The shale gas revolution has improved global energy security and has helped a “mature industry be reborn through technology,” ConocoPhillips CEO Jim Mulva said this week in Qatar.
Speaking to delegates at the World Petroleum Congress, Mulva said natural gas “can and must be part of the world energy solution, for both the short and long term.”
By using horizontal drilling and hydraulic fracturing, “production is now possible from source rock. As a result, the U.S. gas reserves are up 65% since the mid-1990s and still rising…”
New drilling techniques created in North America now are “borderless,” he said, allowing operators to explore unconventional gas from tight sands and coal seams in dozens of countries.
“Consider the implications,” said Mulva. “The world uses about 119 Tcf of gas a year. Recoverable conventional resources of 14,000 Tcf represent at least a 120-year supply. Adding the recoverable unconventional gas doubles that, to nearly 250 years; and even this could rise with new technology.”
Thanks to “growing” liquefied natural gas transportation, “neither supplies nor users remain stranded any longer. Natural gas found almost anywhere can find markets and consuming countries can gain access to the gas they need.”
Even without still-to-be-discovered remote gas in the deepwater and Arctic, “shale gas and other unconventional resources are transforming the energy market, leading us to conclude that natural gas can certainly ease today’s energy security concerns…”
The Houston-based producer plans to spend 60% of its 2012 capital budget on North American projects, and most of them are in the onshore unconventional fields.
The company, which is readying a spinoff of its refinery operations to reemerge as the largest pure-play explorer in North America, is planning to spend $15.5 billion for its capital program next year and repurchase up to $10 billion more of its common stock.
About 90%, or $14 billion, of the 2012 capital program is to support exploration and production with 60% directed to North America projects. Next year’s budget includes $2.2 billion for worldwide exploration.
The increase in U.S. and Canadian spending compared with prior years reflects “improved market conditions, with additional emphasis on liquids-rich resource plays and high-return investments,” said Mulva.

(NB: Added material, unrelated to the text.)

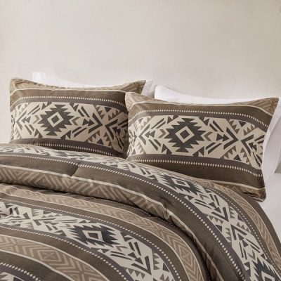 Madison Park Mariposa 5 Piece Stripe Herringbone Comforter Set with Throw Pillows in Brown, Full/Queen MP10-8464

“The 2012 capital program reflects our strategic emphasis on delivering value by investing in the most profitable opportunities. We expect competitive returns from our increased investments in sanctioned unconventional resource projects, such as our growing oilsands business in Canada, liquids-rich shale plays in the U.S. Lower 48” and a liquefied natural gas venture in Australia.
“As our production profile adjusts over time to reflect our increased levels of investment in liquids plays and lower levels in North American conventional natural gas, we expect to continue increasing margins in the upstream business.”

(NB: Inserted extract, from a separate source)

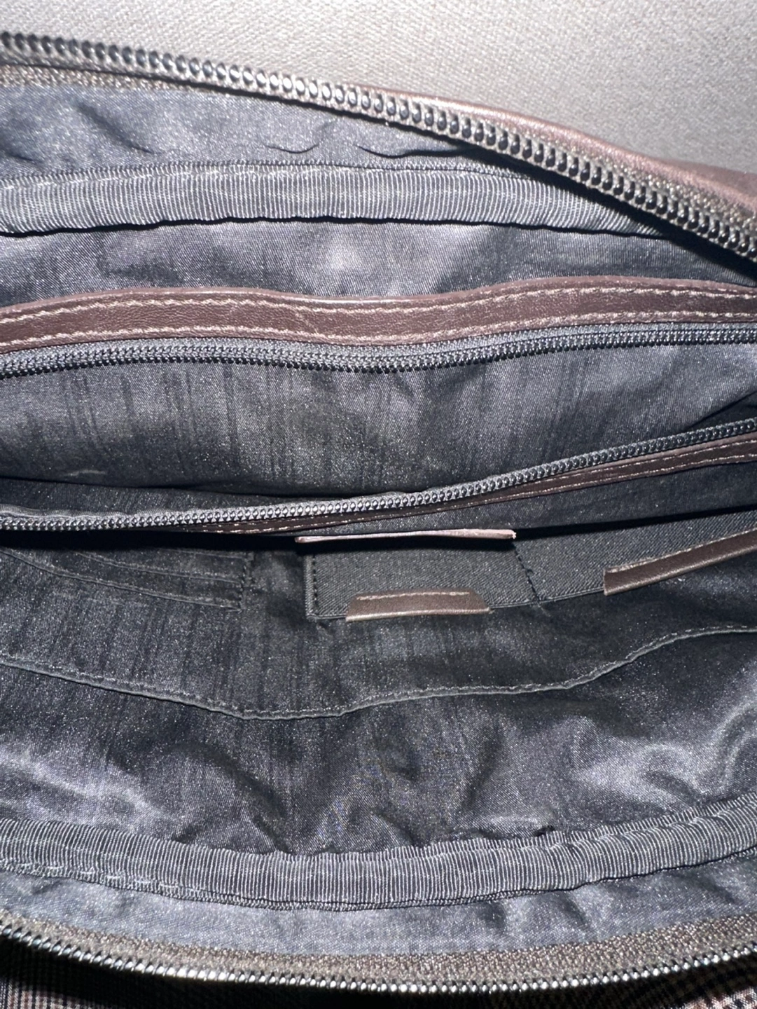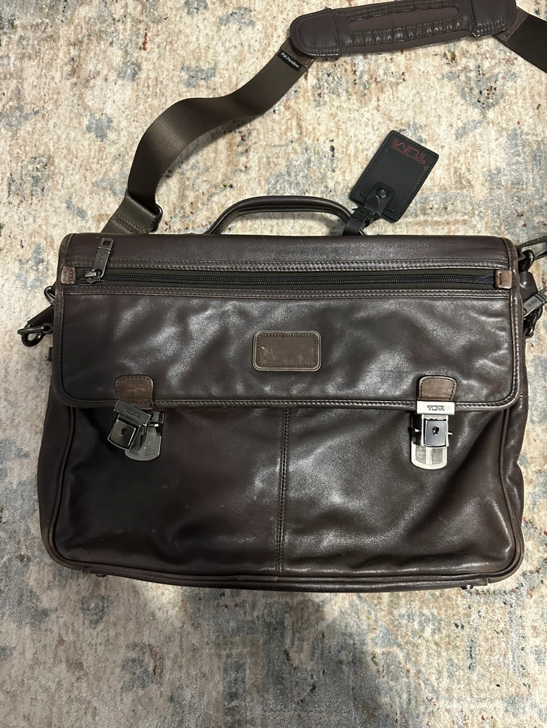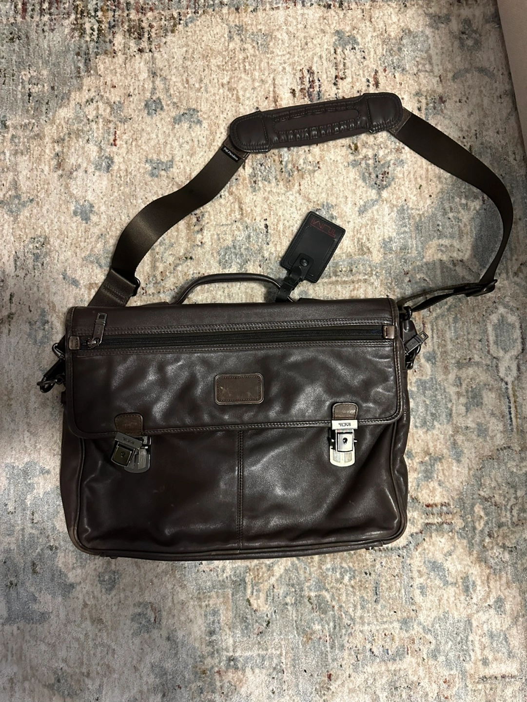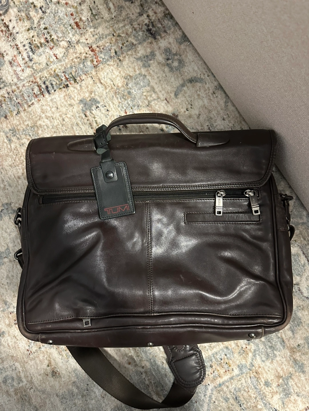 Brown leather briefcase with a shoulder strap. Multiple compartments inside.

ConocoPhillips’ North American projects are varied. In the Lower 48 states capital funding is to be directed on the Eagle Ford Shale, as well as other liquids-rich plays in the Permian Basin and Bakken and Barnett shales. The program also funds ongoing development in the San Juan Basin as well as the company’s contribution to the Marine Well Containment Co. in the offshore.

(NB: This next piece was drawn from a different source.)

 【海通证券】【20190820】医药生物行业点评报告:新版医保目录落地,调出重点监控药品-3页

Spending in Canada is slated to be focused on existing steam-assisted gravity drainage oilsands projects and selective programs in Western Canada conventional basins, primarily on high-graded resource plays and to maintain a position for future development.
ConocoPhillips also remains committed to its plan begun in 2010 to sell $15-20 billion of assets through 2012. Through September the program has “yielded proceeds of $8 billion,” it said. Recently announced agreements to sell the company’s interests in two U.S. pipeline companies, along with other sales already closed in 4Q2011, are expected to increase the total to about $10.5 billion.